OpenCL Execution Model
General purpose computing on GPUs has been a topic of interest for a considerable time. The early work was in academia, primarily in the Stanford graphics group, and focused on using the existing limited shader languages (e.g. Brook) for general workloads. Many of the Stanford graphics graduate students went into industry and influenced the evolution of GPUs into programmable hardware. The first commercial API was CUDA, which has in turn influenced later APIs such as OpenCL and DirectCompute. All three APIs use variants of C that add and remove certain features. None of the languages are a superset of C, so not all C programs will map cleanly to the respective languages. Given the shared ancestry and shared starting language, it should not be surprising that there are many similarities between the three.

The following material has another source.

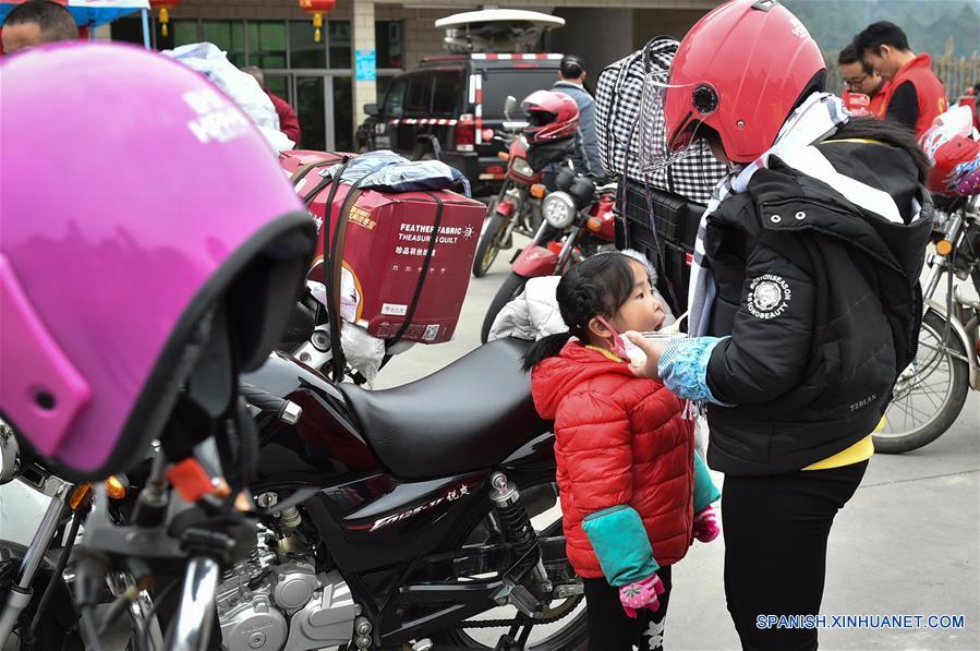 GUANGDONG, febrero 8, 2018 (Xinhua) -- Imagen del 7 de febrero de 2018 de una madre alimentando a su hija en la estación de servicio de Xiaoxiang en Zhaoqing, provincia de Guangdong, en el sur de China. Muchos trabajadores migrantes de China eligen ir a casa en motocicleta para las reuniones familiares en el Festival de Primavera, o A?o Nuevo Lunar tradicional chino. (Xinhua/Liang Xu)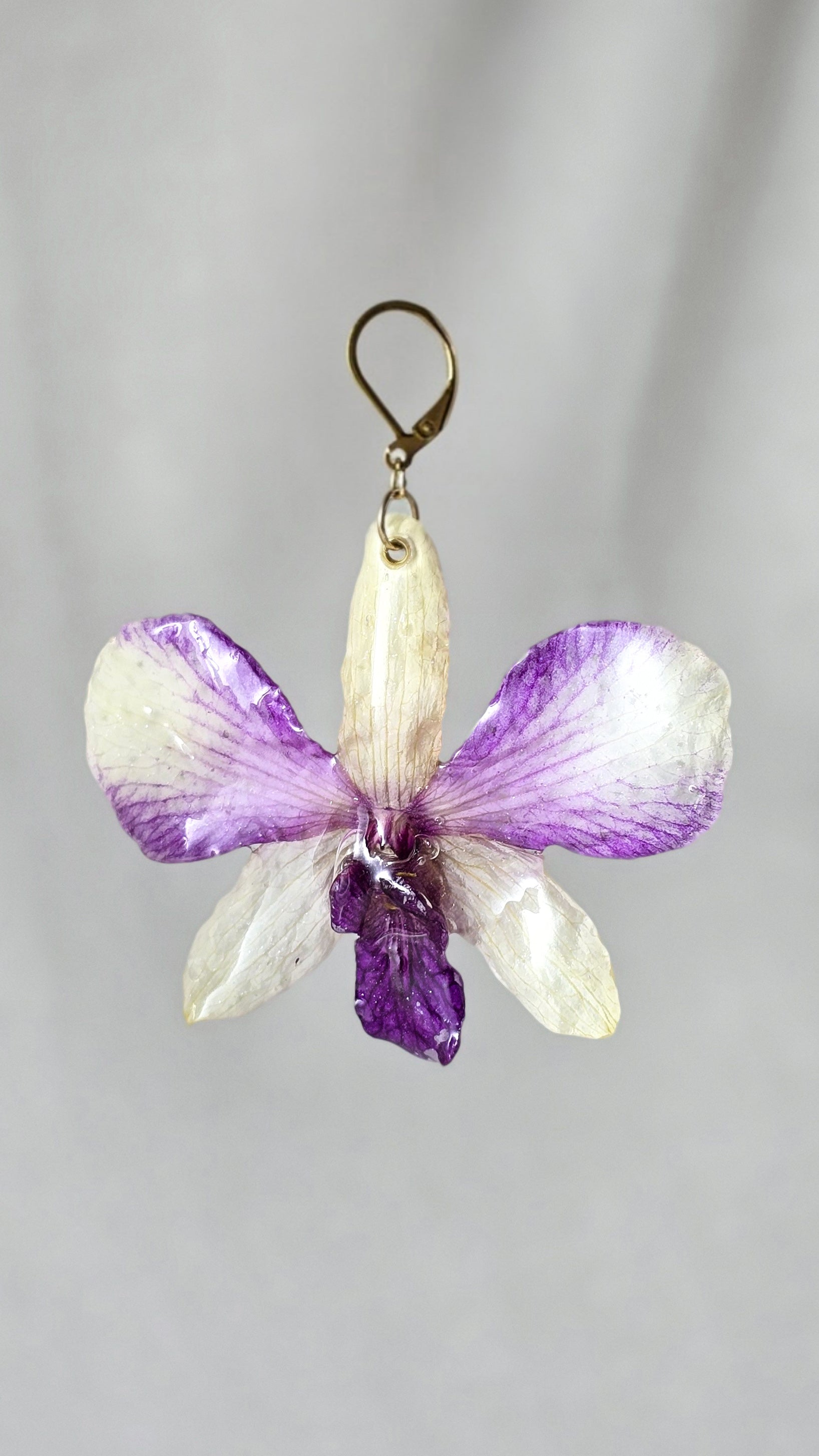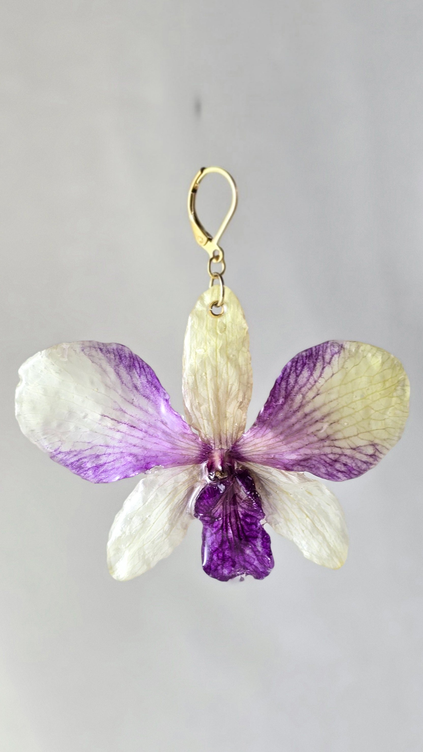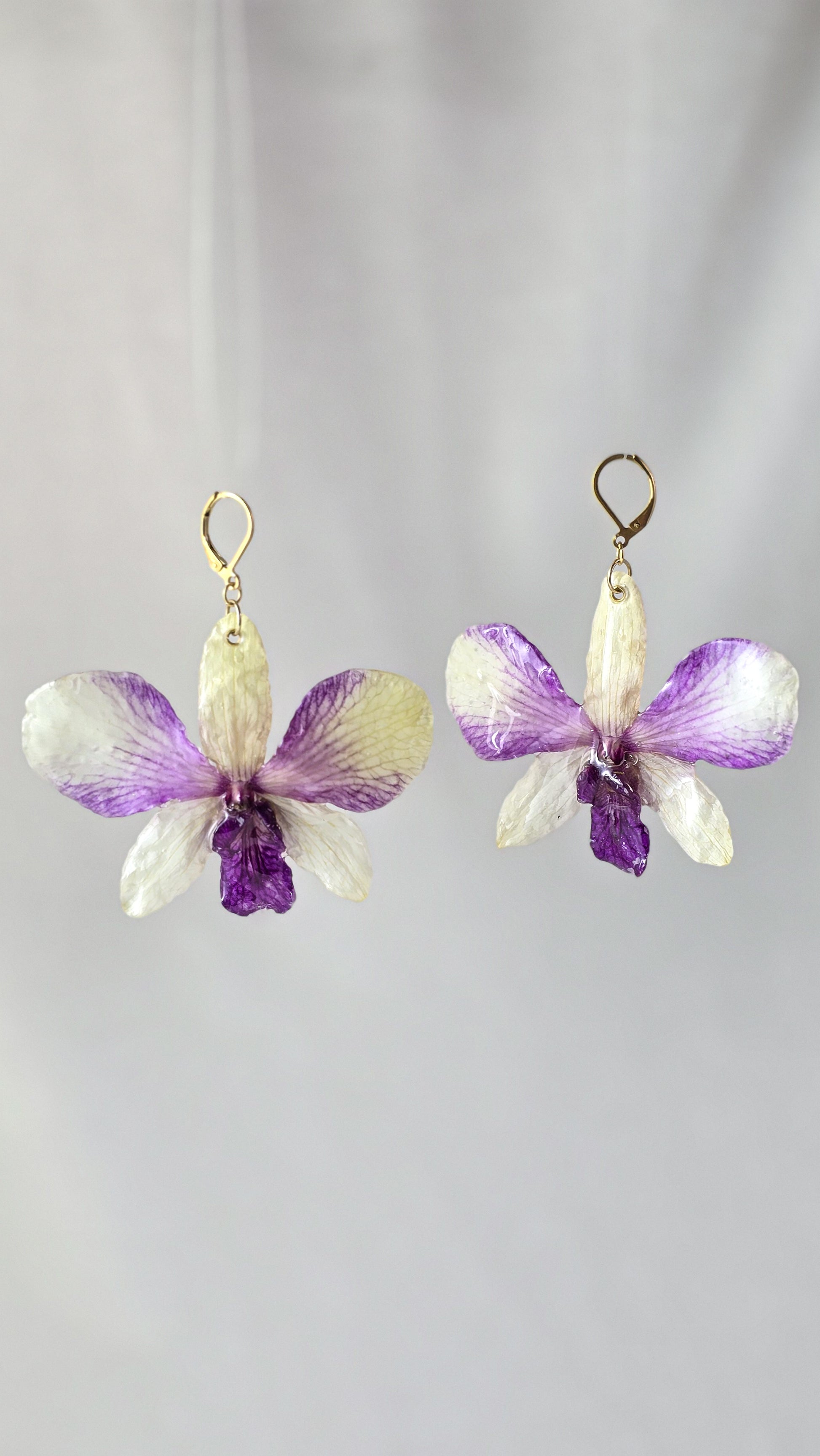 Aretes de orquídeas únicas, elaborados con flores naturales preservadas cuidadosamente para capturar su belleza y elegancia ✨️🌸 herrajes en acero inoxidable. Con unas dimensiones de 5 cm de alto por 6,5 cm de ancho (medidas con herrajes) y un peso de 11 gramos (par) (las medidas son aproximadas). Ofrece un ajuste cómodo y ligero, ideal para cualquier ocasión.

OpenCL, DirectCompute and CUDA are APIs designed for heterogeneous computing – with both a host (i.e. CPU) and an OpenCL device. The device can be the same hardware as the host – for instance a CPU can serve as both – however, the OpenCL device is often different (e.g. a GPU or DSP).
OpenCL applications have serial portions, that execute on the host CPU, and parallel portions, known as kernels. The parallel kernels may execute on an OpenCL compatible device (CPU or GPU), and synchronization is enforced between kernels and serial code. OpenCL is distinctly intended to handle both task and data parallel workloads, while CUDA and DirectCompute are primarily focused on data parallelism.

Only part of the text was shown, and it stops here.